As lojas de departamento no Brasil atingiram um marco histórico em 2023: quase metade de sua receita total foi gerada por vendas pela internet. Segundo dados divulgados pelo Instituto Brasileiro de Geografia e Estatística (IBGE), as transações online representaram 48,7% da receita do setor, um salto significativo em relação aos 32,1% registrados em 2019, antes da pandemia.

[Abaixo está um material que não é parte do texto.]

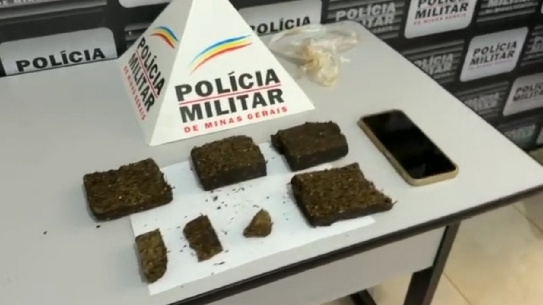 Foram apreendidos sete tabletes de material ilícito, que serão encaminhados para análise.
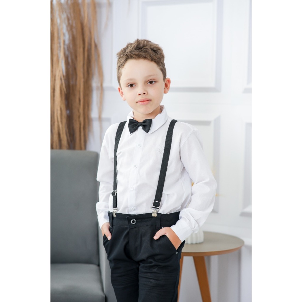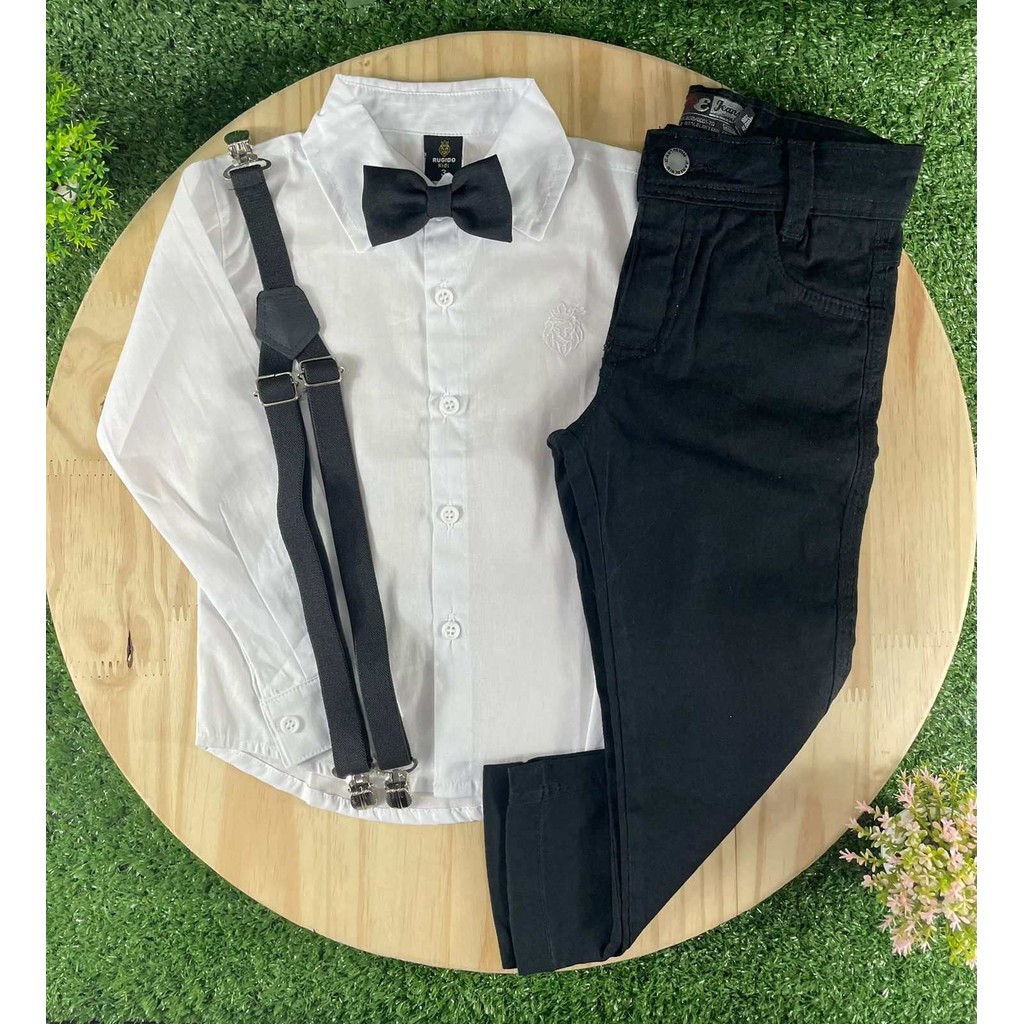 Conjunto Social Calça Preta Camisa Longa Branca Suspensório Gravata Pajem Casamento Formatura Infantil
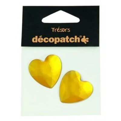 Décopatch Ref BJ025O Trésors Plastic Embellishments 30mm Decorative Heart Shaped Gems Ideal for Decorating Décopatched Items Yellow, Pack of 2

Crescimento acelerado do e-commerce

O levantamento, parte da Pesquisa Anual de Comércio (PAC), revela que a receita total das lojas de departamento alcançou R$ 98,7 bilhões em 2023, dos quais R$ 48,1 bilhões vieram de canais digitais. O avanço foi impulsionado pela expansão da infraestrutura logística, investimentos em aplicativos e a mudança nos hábitos de consumo. “O consumidor brasileiro incorporou a compra online como uma alternativa conveniente e segura, especialmente após a experiência forçada da pandemia”, afirmou João Paulo de Resende, gerente da PAC do IBGE.

O estudo aponta que o número de lojas físicas do segmento caiu 2,3% entre 2022 e 2023, enquanto as vendas virtuais cresceram 14,6% no mesmo período. Essa tendência de migração para o ambiente digital é observada em todas as regiões, mas com maior intensidade no Sudeste, que concentra 60% da receita online do setor.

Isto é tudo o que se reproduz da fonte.